As a parent, you try your best to instil in your children the values of love and kindness. They are, for the most part very polite to strangers and extended family members…but…when they’re with you, they roll their eyes, stick out their tongues, and talk back.

All of these are little yet vexing indications of disrespect.

It is quite upsetting to us when our children are cruel and disrespectful and engage in a power struggle with us.

Not fixing disrespectful children behavior could result in their becoming an unpleasant and rude adults.

Is it feasible to stop the rude behavior and get your disrespectful kid to respect you once in a while? Absolutely! Is it simple? Absolutely not, sorry.

Here are 6 ways you can respond to your rude child’s temper tantrums with effective consequences and turning that negative behavior around – according to experts.

Understanding the Disrespect

According to Hand in Hand Parenting, when a child disrespects you, you should take it as a compliment!

This means that you child feels like they are in a safe space, and feel comfortable enough to share all of their feelings with you.

Your child can be well behaved at school and break down as soon as they get home because they don’t feel comfortable expressing their real emotions around strangers.

Disrespectful behavior in young children can occur for a variety of reasons. It’s frequently a good idea to understand where the behavior is coming from before attempting to fix it.

Perhaps your child had a rough day in school and didn’t know the answer when the teacher called on him. Maybe your daughter had a friend that said something mean to her today. Kids brains are busy processing all of their emotions from their day, and yes it sucks taking the brunt of them.

Unfortunately that’s a negative consequence of parenting that we have to endure. Instead of dishing out verbal abuse on your child’s moods, you can use positive and consistent discipline to solve these problem behaviors.

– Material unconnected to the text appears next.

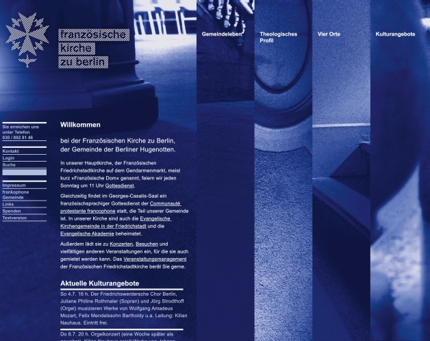 The website for the Französische Kirche (French Church) at the Gendarmenmarkt in Berlin creates a close relationship with the user and, at the same time, provides various sources of information. The concept and the structure meet the challenge to create a contemporary, modern self-portrayal of a church that has already existed since 1672, but its religious life happens in many locations and therefore can’t be connected to only one place. An aesthetically consistent design and a user-friendly navigation centred around a virtual “curtain” accomplish this. The curtain separates theological content and day-to-day schedules in an elegant, sophisticated manner.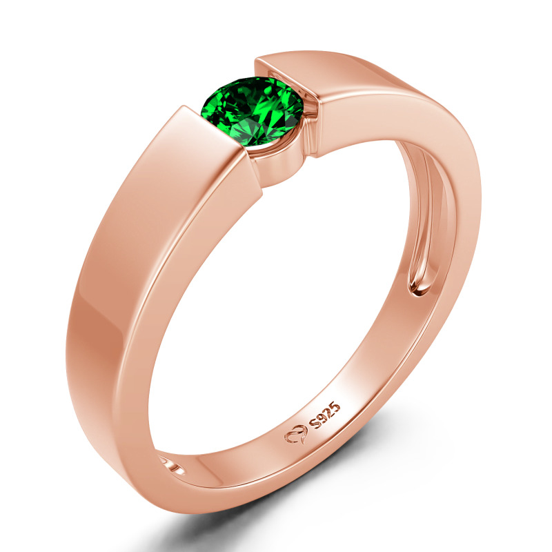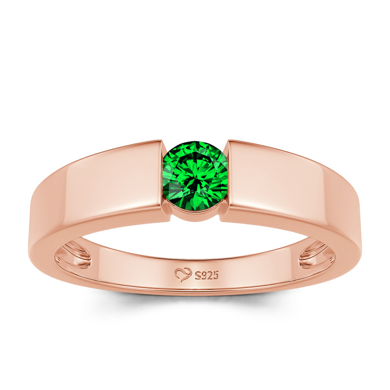 Jeulia シンプル ラウンドカット メンズ エンゲージリング スターリングシルバー

So how do you stop the disrespect and improve your child’s behavior?

How To Respond To Disrespect From Children

As parents, we must educate our children on how to treat people with respect and how to express strong emotions without being rude.

We can’t educate kids to be courteous in the heat of the moment, unfortunately.

I know you want to deal with it right now.

When your kid becomes angry, not content, irritated or disturbed, the reasoning part of their brain shuts down. They are in a state of survival. Their bodies are overwhelmed with stress hormones, making it difficult for them to hear and comprehend the teachings you are attempting to teach.

I also know how much you despise being insulted.

The objective is to confront the problematic behavior without threatening, bribing, or reacting disrespectfully. If your child is showing physical aggression, make sure they are in a secure place and that others, particularly other children, are kept at a safe distance.

Maintain Your Calm

Megan Devine, LCPC over at Empowering Parents says that it’s important not to over react when your child is showing you disrespectful behaviour. Many teens will push buttons and express frustrations at mom and dad along with eye rolling and scoffing.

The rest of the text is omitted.